Task brief.
This exercise requires every record to be repeated exactly.

Listed records.
------------------------------------------------------------------------

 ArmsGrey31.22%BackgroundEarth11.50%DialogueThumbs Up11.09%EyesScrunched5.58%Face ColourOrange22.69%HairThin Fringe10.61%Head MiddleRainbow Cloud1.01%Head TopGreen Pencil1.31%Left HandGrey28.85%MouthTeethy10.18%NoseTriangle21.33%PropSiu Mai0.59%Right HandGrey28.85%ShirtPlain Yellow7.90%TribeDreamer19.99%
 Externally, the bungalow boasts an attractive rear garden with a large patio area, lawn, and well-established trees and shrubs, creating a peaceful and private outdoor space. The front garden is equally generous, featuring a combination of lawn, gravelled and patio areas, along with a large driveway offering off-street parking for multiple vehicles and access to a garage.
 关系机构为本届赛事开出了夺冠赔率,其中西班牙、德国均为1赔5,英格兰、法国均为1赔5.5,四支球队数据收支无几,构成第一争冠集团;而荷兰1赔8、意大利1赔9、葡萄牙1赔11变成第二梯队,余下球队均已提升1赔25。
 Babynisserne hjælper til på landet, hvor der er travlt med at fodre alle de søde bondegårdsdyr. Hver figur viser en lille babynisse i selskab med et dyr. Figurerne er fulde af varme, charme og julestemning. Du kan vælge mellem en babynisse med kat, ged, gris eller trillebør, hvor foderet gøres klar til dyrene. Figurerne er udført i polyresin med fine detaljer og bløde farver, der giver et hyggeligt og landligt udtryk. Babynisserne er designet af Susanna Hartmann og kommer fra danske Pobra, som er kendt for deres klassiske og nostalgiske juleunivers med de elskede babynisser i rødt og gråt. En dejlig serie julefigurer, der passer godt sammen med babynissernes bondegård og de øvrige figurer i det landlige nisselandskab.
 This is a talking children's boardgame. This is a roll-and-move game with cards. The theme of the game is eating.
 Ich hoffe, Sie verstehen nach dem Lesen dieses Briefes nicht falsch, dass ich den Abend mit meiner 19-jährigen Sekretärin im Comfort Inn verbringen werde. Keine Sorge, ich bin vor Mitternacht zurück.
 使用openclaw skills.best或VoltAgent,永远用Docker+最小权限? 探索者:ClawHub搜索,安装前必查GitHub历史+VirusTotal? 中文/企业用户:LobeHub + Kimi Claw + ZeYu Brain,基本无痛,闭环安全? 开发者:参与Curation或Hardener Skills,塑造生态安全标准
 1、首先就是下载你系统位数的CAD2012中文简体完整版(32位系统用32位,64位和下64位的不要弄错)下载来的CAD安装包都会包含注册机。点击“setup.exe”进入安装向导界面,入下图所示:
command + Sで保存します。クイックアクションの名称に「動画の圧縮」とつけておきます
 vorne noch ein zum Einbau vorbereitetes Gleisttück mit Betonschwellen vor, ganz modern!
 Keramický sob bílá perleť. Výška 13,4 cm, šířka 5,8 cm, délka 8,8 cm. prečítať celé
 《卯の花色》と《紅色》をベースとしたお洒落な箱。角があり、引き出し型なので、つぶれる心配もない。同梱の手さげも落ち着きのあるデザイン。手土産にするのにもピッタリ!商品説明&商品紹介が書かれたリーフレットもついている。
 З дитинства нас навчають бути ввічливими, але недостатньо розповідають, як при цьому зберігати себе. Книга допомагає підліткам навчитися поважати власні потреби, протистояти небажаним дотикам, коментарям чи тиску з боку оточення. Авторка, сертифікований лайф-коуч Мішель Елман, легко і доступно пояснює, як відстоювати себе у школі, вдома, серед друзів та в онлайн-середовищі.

------------------------------------------------------------------------

Response to the exercise.
 ArmsGrey31.22%BackgroundEarth11.50%DialogueThumbs Up11.09%EyesScrunched5.58%Face ColourOrange22.69%HairThin Fringe10.61%Head MiddleRainbow Cloud1.01%Head TopGreen Pencil1.31%Left HandGrey28.85%MouthTeethy10.18%NoseTriangle21.33%PropSiu Mai0.59%Right HandGrey28.85%ShirtPlain Yellow7.90%TribeDreamer19.99%
 Externally, the bungalow boasts an attractive rear garden with a large patio area, lawn, and well-established trees and shrubs, creating a peaceful and private outdoor space. The front garden is equally generous, featuring a combination of lawn, gravelled and patio areas, along with a large driveway offering off-street parking for multiple vehicles and access to a garage.
 关系机构为本届赛事开出了夺冠赔率,其中西班牙、德国均为1赔5,英格兰、法国均为1赔5.5,四支球队数据收支无几,构成第一争冠集团;而荷兰1赔8、意大利1赔9、葡萄牙1赔11变成第二梯队,余下球队均已提升1赔25。
 Babynisserne hjælper til på landet, hvor der er travlt med at fodre alle de søde bondegårdsdyr. Hver figur viser en lille babynisse i selskab med et dyr. Figurerne er fulde af varme, charme og julestemning. Du kan vælge mellem en babynisse med kat, ged, gris eller trillebør, hvor foderet gøres klar til dyrene. Figurerne er udført i polyresin med fine detaljer og bløde farver, der giver et hyggeligt og landligt udtryk. Babynisserne er designet af Susanna Hartmann og kommer fra danske Pobra, som er kendt for deres klassiske og nostalgiske juleunivers med de elskede babynisser i rødt og gråt. En dejlig serie julefigurer, der passer godt sammen med babynissernes bondegård og de øvrige figurer i det landlige nisselandskab.
 This is a talking children's boardgame. This is a roll-and-move game with cards. The theme of the game is eating.
 Ich hoffe, Sie verstehen nach dem Lesen dieses Briefes nicht falsch, dass ich den Abend mit meiner 19-jährigen Sekretärin im Comfort Inn verbringen werde. Keine Sorge, ich bin vor Mitternacht zurück.
 使用openclaw skills.best或VoltAgent,永远用Docker+最小权限? 探索者:ClawHub搜索,安装前必查GitHub历史+VirusTotal? 中文/企业用户:LobeHub + Kimi Claw + ZeYu Brain,基本无痛,闭环安全? 开发者:参与Curation或Hardener Skills,塑造生态安全标准
 1、首先就是下载你系统位数的CAD2012中文简体完整版(32位系统用32位,64位和下64位的不要弄错)下载来的CAD安装包都会包含注册机。点击“setup.exe”进入安装向导界面,入下图所示:
command + Sで保存します。クイックアクションの名称に「動画の圧縮」とつけておきます
 vorne noch ein zum Einbau vorbereitetes Gleisttück mit Betonschwellen vor, ganz modern!
 Keramický sob bílá perleť. Výška 13,4 cm, šířka 5,8 cm, délka 8,8 cm. prečítať celé
 《卯の花色》と《紅色》をベースとしたお洒落な箱。角があり、引き出し型なので、つぶれる心配もない。同梱の手さげも落ち着きのあるデザイン。手土産にするのにもピッタリ!商品説明&商品紹介が書かれたリーフレットもついている。
 З дитинства нас навчають бути ввічливими, але недостатньо розповідають, як при цьому зберігати себе. Книга допомагає підліткам навчитися поважати власні потреби, протистояти небажаним дотикам, коментарям чи тиску з боку оточення. Авторка, сертифікований лайф-коуч Мішель Елман, легко і доступно пояснює, як відстоювати себе у школі, вдома, серед друзів та в онлайн-середовищі.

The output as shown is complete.